> **Exercise directions**:
Print exactly, and only, the lines from the one that has "専科 1級建築士科(空間デザイン学科・専科 2級建築士科から就職・再進学)" through the end of the material below, with both ends included and the pictures omitted.

> **Data segment**:
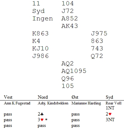 Se på spillet under og fokuser på nord sin hånd før du ser "løsningen" til Roar og Asbjørn. Det er et klassisk problem når du har to små spar. Motparten kan ha fem stikk i den fargen og de gangene du har 5-3 i hjerter, kan det være rett å havne i 4hj. 5kl/ru kan også være et alternativ hvis begge har to små spar og ikke 5(4)-3 i hjerter. Mange søkte i Stayman to ganger og fikk høre at makker hadde fem hjerter. De fleste parkerte da i 4hj, en kontrakt som ikke kunne vinnes med normal spilleføring og kløver ut fra vest. En del spiller 1NT - 2NT for å vise en liten dobbelton.3kl spør hvor og svarhånda viser stegvis hvor det svake punktet er. Roar Voll og Asbjørn Kindsbekken hadde en annen fiffig variant. 3hj viser akkurat 2-3 i major og sparen er svak. Da var det lett å melde 3NT for syd. Med spar ut var det minst ti lette stikk.
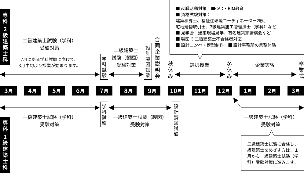 専科 1級建築士科(空間デザイン学科・専科 2級建築士科から就職・再進学)
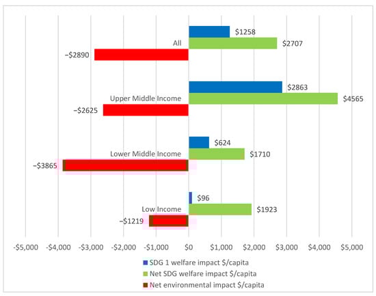 Over the period of 2000 to 2019, the net environmental impacts per capita were USD −2890 on average for all 99 economies, USD −2625 for upper-middle-income economies, USD −3865 for lower-middle-income countries, and USD −1219 for low-income countries (Figure 1). These environmental losses are more than half the overall net SDG welfare gains from progress towards the 17 SDGs for upper-middle-income economies, over 60% of the welfare gains for low-income countries, and more than two times the net SDG welfare gains for lower-middle-income economies. Averaged across all 99 EMDEs, negative net environmental impacts (USD −2890/person) match net SDG welfare gains (USD 2707/person), which suggests that if these environmental losses were eliminated, then overall net SDG welfare gains from progress towards the 17 SDGs would have doubled over 2000–2019.

> **Response**:
 専科 1級建築士科(空間デザイン学科・専科 2級建築士科から就職・再進学)
 Over the period of 2000 to 2019, the net environmental impacts per capita were USD −2890 on average for all 99 economies, USD −2625 for upper-middle-income economies, USD −3865 for lower-middle-income countries, and USD −1219 for low-income countries (Figure 1). These environmental losses are more than half the overall net SDG welfare gains from progress towards the 17 SDGs for upper-middle-income economies, over 60% of the welfare gains for low-income countries, and more than two times the net SDG welfare gains for lower-middle-income economies. Averaged across all 99 EMDEs, negative net environmental impacts (USD −2890/person) match net SDG welfare gains (USD 2707/person), which suggests that if these environmental losses were eliminated, then overall net SDG welfare gains from progress towards the 17 SDGs would have doubled over 2000–2019.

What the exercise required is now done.